Heat Wave
- Cover of the book
- Author: (fictional) Richard Castle; (real) Tom Straw;
- Language: English
- Series: Nikki Heat
- Genre: Mystery; crime;
- Publisher: Hyperion Books
- Publication date: September 29, 2009
- Publication place: United States
- Media type: Print: hardcover and paperback; Digital: e-book and audiobook;
- Pages: 240 pages (paperback)
- ISBN: 9781401323820
- Followed by: Naked Heat

= Heat Wave (novel) =

2009 novel

Heat Wave is the first in a series of mystery novels featuring the characters Nikki Heat, an NYPD homicide detective, and Jameson Rook, a journalist. The novel and its sequels are published by Hyperion Books as a tie-in to the ABC crime series Castle and attributed to that show's lead character Richard Castle. Heat Wave was published in 2009 and has been followed by Naked Heat (2010), Heat Rises (2011), Frozen Heat (2012), Deadly Heat (2013), Raging Heat (2014), Driving Heat (2015), High Heat (2016), Heat Storm (2017) and Crashing Heat (2019). The first seven novels in the series, through Driving Heat, were actually written by mystery novelist Tom Straw.

==Premise==

Within the television show's universe, Richard Castle is a best-selling author who has published the final book in his successful Derrick Storm series, in which he killed off the main character, after writing the books became "too much like work". He is desperately searching for a new muse. When a copy-cat killer stages the crime scenes right from the pages of his books, he is called in to assist NYPD Detective Kate Beckett and her team.

At the end of the pilot episode, he becomes Beckett's partner in order to do "research". His fictional Heat Wave is released at the start of the second season which aired just before the actual release of the real-world book. Because of its success, ABC has released even more books, including a Derrick Storm trilogy and Derrick Storm graphic novels.

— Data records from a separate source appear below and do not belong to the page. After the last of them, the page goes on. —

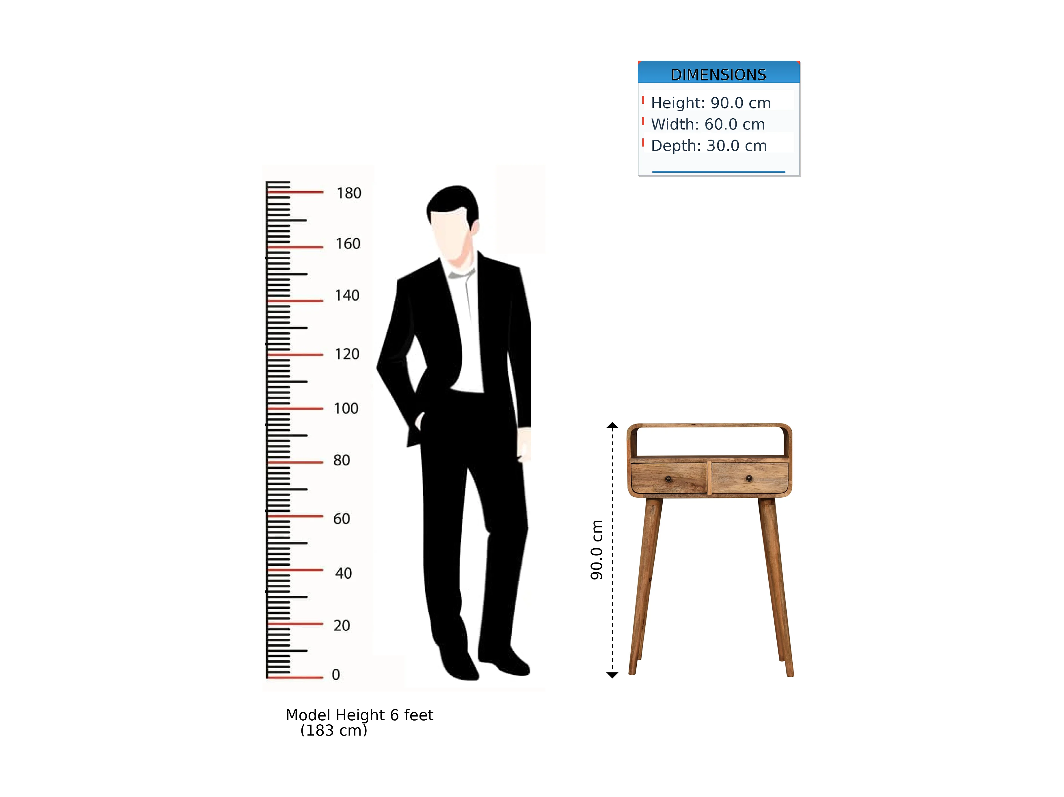 Artisan Furniture Bois massif Petite Console Courbée Finition Chêne Clair
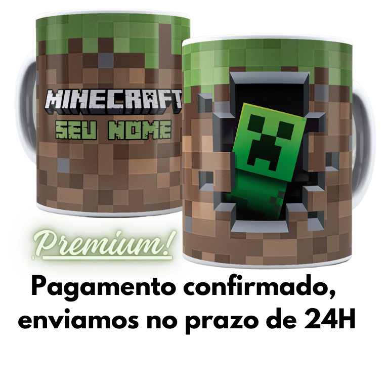 Caneca personalizada de porcelana / cerâmica 325ml - coleção de canecas Minecraft com nome personalizado
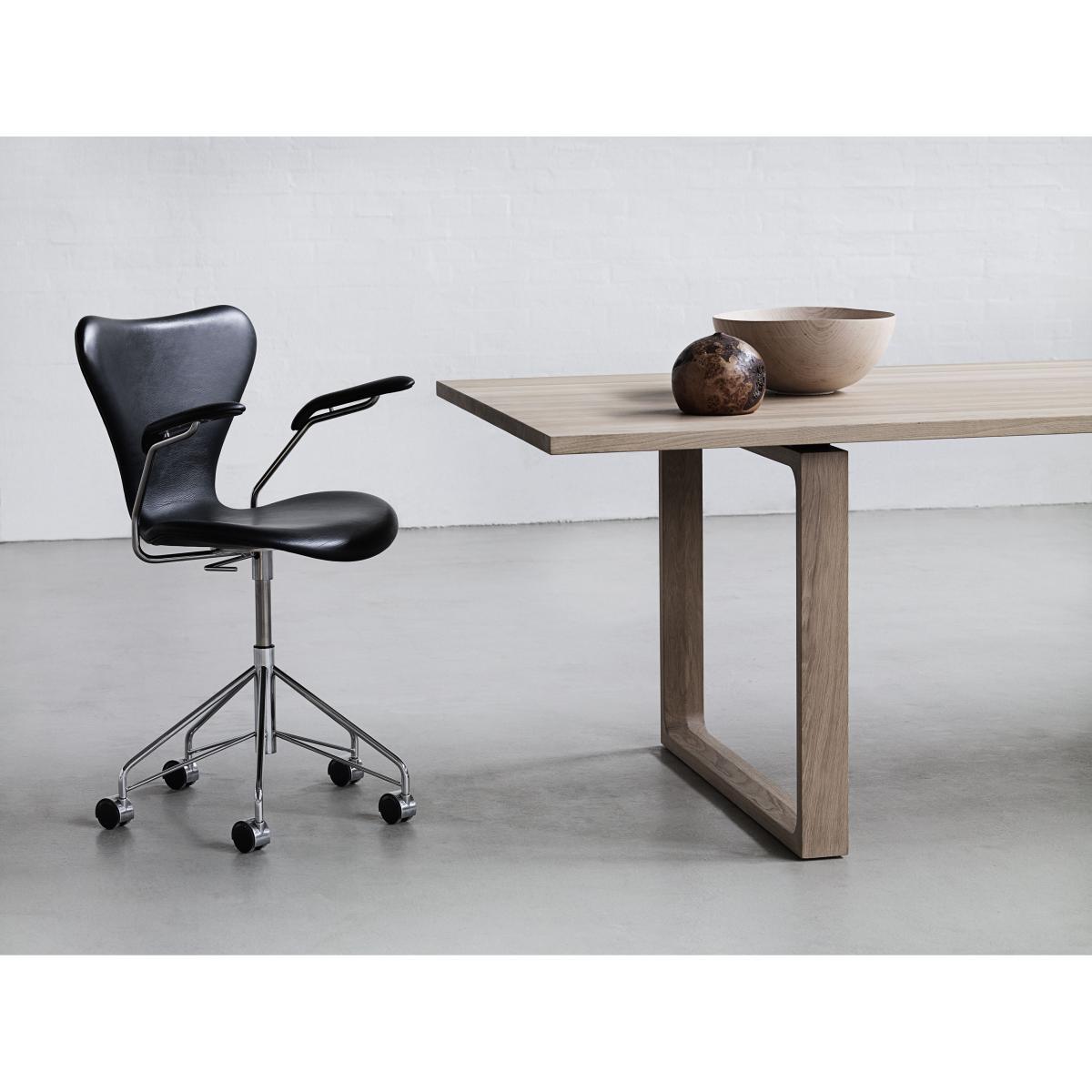 Explore the iconic Series 7™ chair with a functional swivel base. The visionary Arne Jacobsen exploited the possibilities of lamination to perfection resulting in the iconic shape of the chair. Series 7™ represents the chair in the Fritz Hansen collection with the widest range of applications.
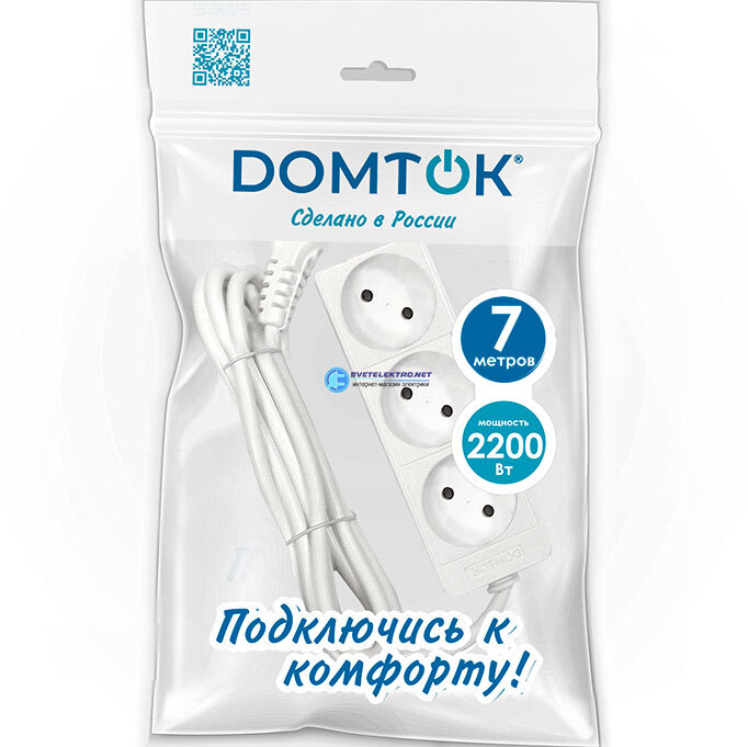 Удлинитель бытовой гнезда, ПВС 2*1, 2,2кВт, без заземления, 7 метров, код 2353, производитель DOMTOK
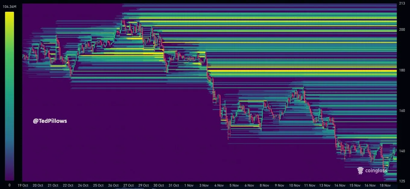 Moreover, liquidity maps show strong upside clusters between $170 and $200. These zones could attract price if market sentiment improves. SOL currently stabilizes near $135 to $145, where small liquidity pockets appear.

The actual book Heat Wave was written by Tom Straw, and revealed in installments on the Castle show's website. Straw said he wrote the book (and their first six successors) keeping in mind the purported author's idealized version of himself. The book's characters are based on the characters in the TV series.

==Plot summary==
The title of the book refers to a heat wave that grips the city, the heat that is inside the characters' attraction for each other, and the character's surname. Castle's protagonist is NYPD homicide detective Nikki Heat. Ms. Heat is attractive, tough and means business when she's on a case. She is good at her job and is the leader of her team investigating murders. Heat's boss, the commissioner, assigns Jameson Rook, a reporter, to be attached to her to do research on his article. Rook proves to be a challenge to Heat as he has a mind of his own.

As much as Heat hates Rook, she also feels a compelling force that draws him to her. Heat feels the heat between them. Ms. Heat tries to handle her professional work, as well as answer to the call of nature as she falls for her handsome, magnetic shadow. In her work, Heat has to dig into the case of a real estate millionaire who has fallen to his death. His widow was attacked but survived the confrontation.

==Reception==
Heat Wave reached No. 6 on The New York Times Best Seller list in its fourth week of release.